Carlos Gomez, Appellant Pro Se. David Bernard Smith, Assistant United States Attorney, Greensboro, North Carolina, for Appellee.

Before HALL and ERVIN, Circuit Judges, and BUTZNER, Senior Circuit Judge.



Carlos Gomez appeals the dismissal of his motion filed pursuant to 28 U.S.C. § 2255 (1988), as amended by Antiterrorism and Effective Death Penalty Act of 1996, Pub. L. No. 104-132, 110 Stat. 1217. The case was referred to a magistrate judge for a report and recommendation pursuant to 28 U.S.C.A. § 636(b) (1) (West 1993). On January 29, 1996, the magistrate judge filed a recommendation that the petition be dismissed. Attached to the magistrate judge's report and recommendation was a notice stating that objections were to be filed within ten days.

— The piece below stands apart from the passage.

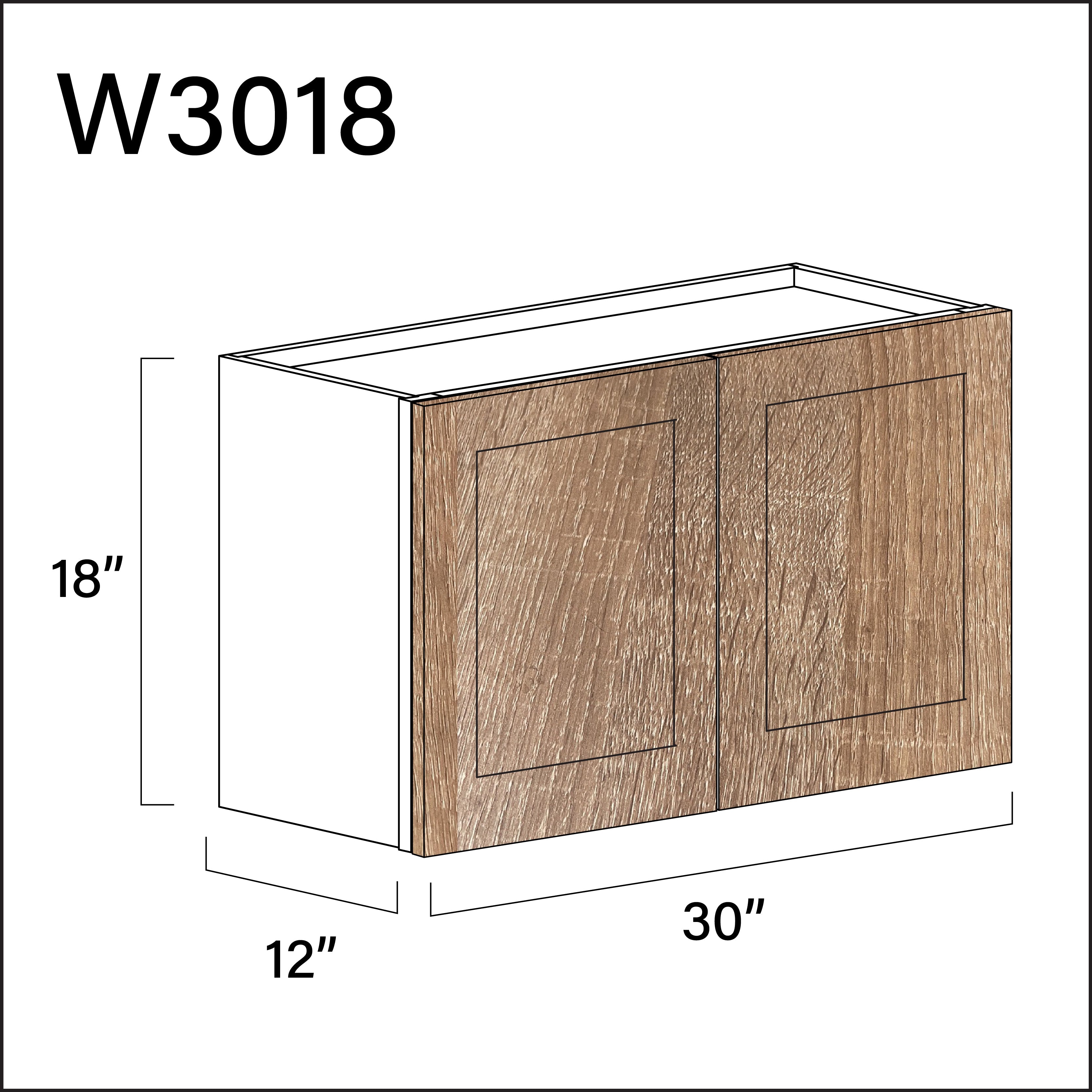 Textured Oak Shaker Double Door Wall Cabinet - 30" W x 18" H x 12" D
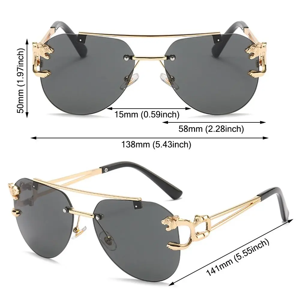 Nombre del producto: gafas de sol sin montura con decoración de guepardo vintage Estilo: moda, moda retro Color: negro, gris degradado, Té degradado, azul degradado, rojo Amarillo, Azul amarillo, material de lente cian degradado: material del marco de policarbonato: PC, tipo de polarización de metal: tamaño del producto no polarizado: ancho total: 138mm (5,43 pulgadas) Ancho de la lente: 58mm (2,28 pulgadas) Altura de la lente: 50mm (1,97 pulgadas) Ancho del puente nasal: 15mm (0,59 pulgadas) de las patillas Longitud: 141mm (5,55 pulgadas) El paquete incluye: 1 x Gafas de sol Nota: 1. Hay una diferencia de 2 a 3% según la medición manual. Por favor, compruebe la talla cuidadosamente antes de comprar el artículo. 2. Tenga en cuenta que una ligera diferencia de color debe ser aceptable debido a la luz y la pantalla.

Computing the time for objections in accordance with Fed. R. Civ. P. 6(a), (e), 72(b), Gomez's objections were due on February 15.

In an order filed February 21, the district court noted that no objections to the magistrate judge's recommendation had been filed and adopted the recommendation without a de novo review. On March 7, Gomez filed a notice of appeal. On April 8, Gomez filed a motion in this court seeking remand to the district court for consideration of his objections. Gomez contends that he did not receive the magistrate judge's report until February 29 due to his prison transfer. Attached to Gomez's motion is a letter from R. Lavella, Gomez's case manager at the Federal Correctional Institution in Allenwood, Pennsylvania, where Gomez is currently incarcerated. Lavella's letter corroborates Gomez's assertions.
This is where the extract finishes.